The Rogers outage, which left 12 million people without wireless and wireline service in 2022, was caused by human error and exacerbated by management and systems “deficiencies,” an independent investigation conducted for Canada’s telecommunications regulator said.
The investigation report also stated that the steps Rogers has taken since the outage “are sufficient to improve the resiliency and reliability of Rogers’ network and address the underlying causes of the July 2022 outage.”
The 26-hour blackout began in the early morning hours of July 8, leaving individuals and businesses without access to cellphones, home phones, the internet and 911 services.
The Canadian Broadcasting and Telecommunications Commission (CRTC) commissioned Xona Partners in September 2023 to investigate and identify the cause of the outage.
An engineering consultancy has also been tasked with investigating whether measures taken by Rogers since the blackout are sufficient to prevent further accidents.
Xona Partners’ findings: Summary of review reportwas released this month. The CRTC has said the full report contains confidential information and will be released in redacted form at a later date, but that date has not yet been determined.
According to a summary of the report, in the weeks before the outage, Rogers had been going through a seven-step process to upgrade its network. The outage occurred during the sixth step of the upgrade.
“The July 2022 outage was caused by a configuration error in a distribution router within Rogers’ IP network,” the report said.
The report said the shutdown was triggered when Rogers staff removed a control filter that routes information to the proper destination.
With no filters in place, a flood of information was sent into Rogers’ core network, overloading the system and causing it to crash within minutes of the control filters being removed.
Algorithm identifies network upgrade as “low” risk
According to the report, Rogers’ core network manages wireless and wired data for internal and external customers and service providers.
“Because both wireless and wireline networks share a common IP core network, the scope of the outage was extreme, resulting in catastrophic loss of all services,” the report said.
The report said that wireless and wireline services sharing the same network is a practice “common among many service providers” and that companies see it as an efficient way to “balance cost and performance.”
Rogers later said it would develop a new, separate network for the wireless system while maintaining wired services over the old core network, with work underway, according to the report.
The review said the first five stages of the network update had been carried out without issue, leading to a “risk assessment algorithm lowering the risk level for the sixth stage of the upgrade.”
Designating Stage 6 as a “low” risk allowed Rogers staff to avoid additional levels of scrutiny and approval as the upgrades proceeded, but doing so “violates industry norms,” the report said.
Rogers says it has introduced a new risk assessment algorithm to address the issue.
The summary of Xona Partners’ review also said that “the network outage could have been prevented” if Rogers had had an “overload prevention mechanism” to limit the amount of information entering its core network.
The review recommends that all Canadian communications networks implement overload protection mechanisms in their core networks.

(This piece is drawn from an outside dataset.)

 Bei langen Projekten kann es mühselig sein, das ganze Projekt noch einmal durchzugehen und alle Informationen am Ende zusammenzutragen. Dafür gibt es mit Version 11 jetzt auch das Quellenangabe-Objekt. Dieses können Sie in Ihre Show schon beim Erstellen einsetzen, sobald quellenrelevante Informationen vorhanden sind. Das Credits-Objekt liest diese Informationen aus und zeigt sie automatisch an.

Network Restoration Challenges
After the systems went down, the main problem hampering Rogers’ efforts to restore them was the company’s inability to communicate properly.
When the core network went down, remote employees were unable to access Rogers’ systems or use the internet, and were unable to get online using other service providers, according to the report.

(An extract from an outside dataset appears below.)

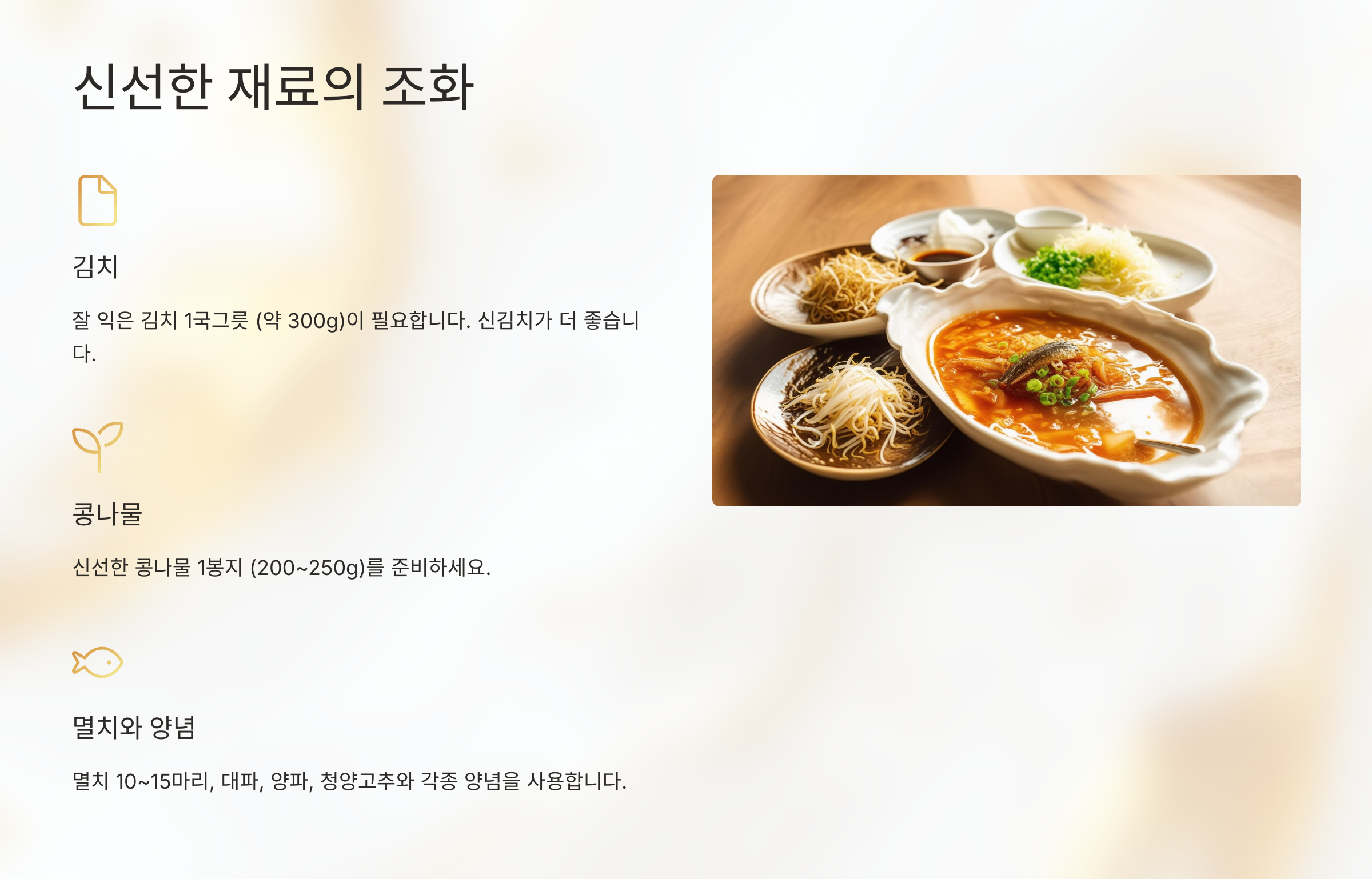 - 주재료: 신선한 콩나물, 잘 익은 김치, 고추장, 국간장

“Rogers had to dispatch staff to remote locations to gain physical access to the affected routers, delaying efforts to restore the network,” the report said.
Since then, all members of Rogers’ incident response and crisis management team have been provided with backup third-party internet access to “maintain communications capability in the event of a power outage.”

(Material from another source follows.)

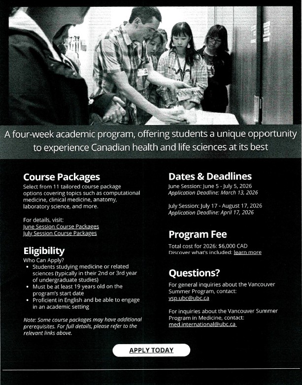 เปิดรับสมัคร Vancouver Summer Program in Medicine 2026
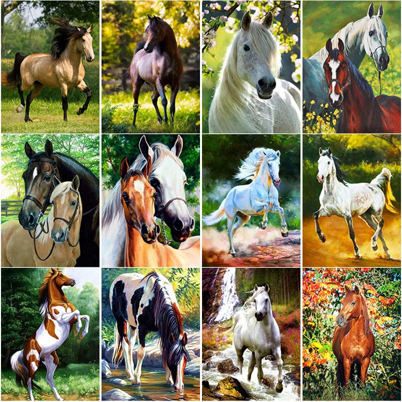 5D алмазная живопись сделай сам, лошадиный пейзаж, полноразмернаякр...

The investigation also said Rogers staff did not have access to critical error logs detailing the root cause of the outage until 14 hours after it began, “adversely impacting recovery efforts.”
John Lawford, executive director of Ottawa’s Public Interest Advocacy Centre, has called on Rogers and the CRTC to be more transparent about the blackouts.
He criticised the CRTC for taking two years to submit its report on the blackouts, calling it a “cover-up that allowed both the CRTC and Rogers to avoid responsibility”.
“The report alleges that Mr Rogers put things right, but I don’t have enough evidence to back that up,” Lawford said. “It’s just the opinion of certain experts.”
Rogers declined a CBC News request for an interview.
A Rogers spokesman said in a statement that the company “remains focused on providing the most reliable network experience so Canadians can stay connected anytime, anywhere.”
A spokesperson said: August 2023 report from analytics firm umaultDuring the study period, Rogers was found to have the most reliable wireless network in Canada.
“We have completed a comprehensive review of our network, strengthened the resilience of our network and implemented all of the recommendations in this report, and we will continue to invest to ensure Canadians enjoy the best network in the world,” the spokesperson said.
In a letter to RogersThe CRTC said the company “confirmed its implementation of all measures recommended by Zona Partners.”
A spokesperson for Minister of Innovation, Science and Industry François-Philippe Champagne told CBC News that Rogers has addressed all of the report’s recommendations and continues to invest in making its network more resilient.